Linkity time: a new online magazine all about Northern California. Another thing I can't be bothered to rewrite is a dissertation about how I think I live in Northern California but maps and the mainstream media (hah!) sometimes think I live in Southern California. I usually say Central Coast but some people think Central Coast only means San Luis Obispo and even Santa Barbara, which are way to the south of here. Anyway, I haven't really perused the magazine yet but I'm going to.

On another front, Percy ate my new shoes. My only nice shoes, both in looks and comfort. Shoes I cannot afford to replace. On the other hand, this weekend we had one not very successful dog park trip with all three of them and one very successful one. Pacheco Street Park -- which is one of those tanbark-paved, fenced-with-an-airlock dedicated dog parks worked once, but then when I went back there was an incident. Someone came with an alarming-looking little dog named Peanut and while the dog's owner understood what I was saying about not knowing if I could control the dogs who were not mine, her friend put the weird little mutt down on the ground six feet from where I was barely holding on to them, and Percy lunged at the little dog and wanted to play with him -- like a toy, and I have seen what he does to toys -- and knocked me over and it took all my strength to pull him and Lola back to control. So I had the woman pick up the little dog and go to the opposite side of the litle park while I took my dog and the temporary dogs to the giant car.

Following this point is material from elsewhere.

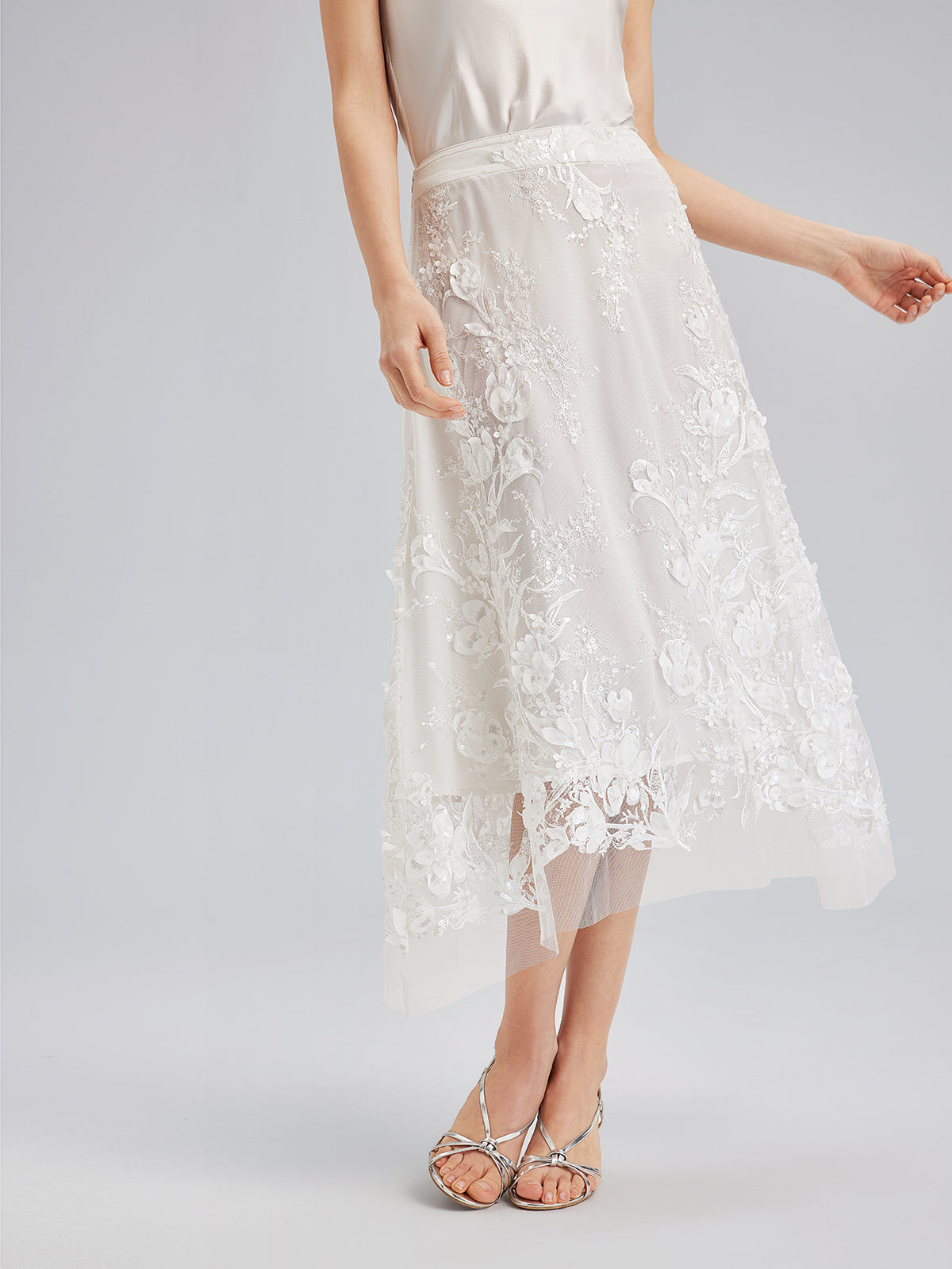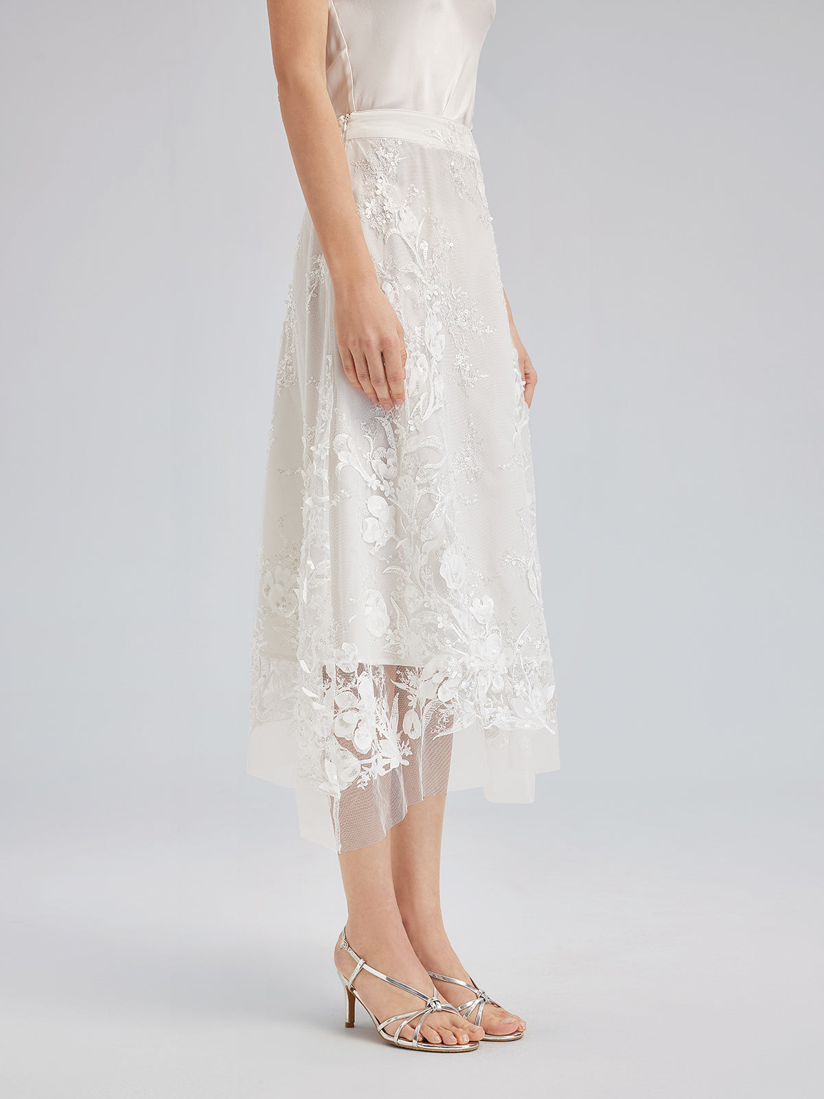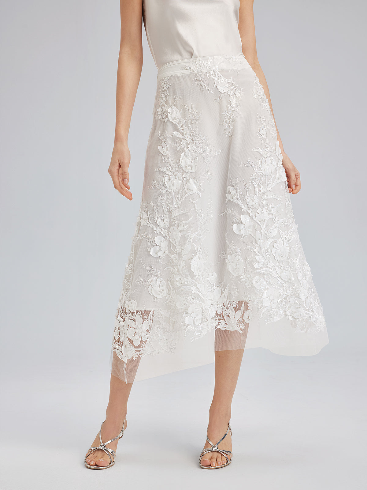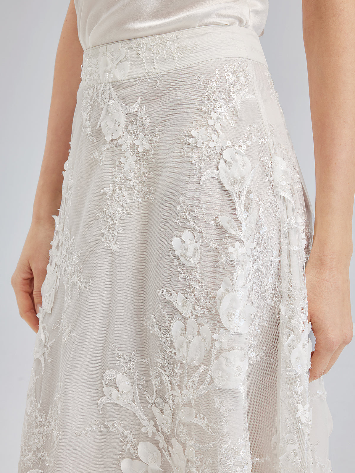 İtalyan 3 Boyutlu Boncuklu Çiçekli Etek

The successful dog park trip was to the park I had originally had in mind before I learned about the Pacheco Street one. This was University Terrace Park -- the other end of Meder Street Park. There's a fence, but on the offleash dog side of it (I do not unleash Percy and Lola, though I let go of their leashes: I need to have multiple ways of grabbing them as they do not reliably come when called or sit when told to, though they are improving with the generous application of treats and praise) there is a sloping hangout that leads to a hiking/biking trail. The dogs there were medium sized dogs and they got along fine though one of them got pissed off at Percy (It's easy to do) and chased him around snarling. I thought it was self-limiting but apparently it's a dog that has some issues and the people took their dogs away after that. Then we walked on the trail for a bit and then I took them home so I could go get Emma and she just about finished clearing out that front room while I struggled with the dishwasher which had developed nastiness again. Also, Emma put the beautiful desk her uncle made her into that room for temporary while she and Jason are going to be living in a studio that is too small for it. The room is basically ready for Frank, and by the end of the summer ought to be ready for a renter! Only a year later than I originally planned.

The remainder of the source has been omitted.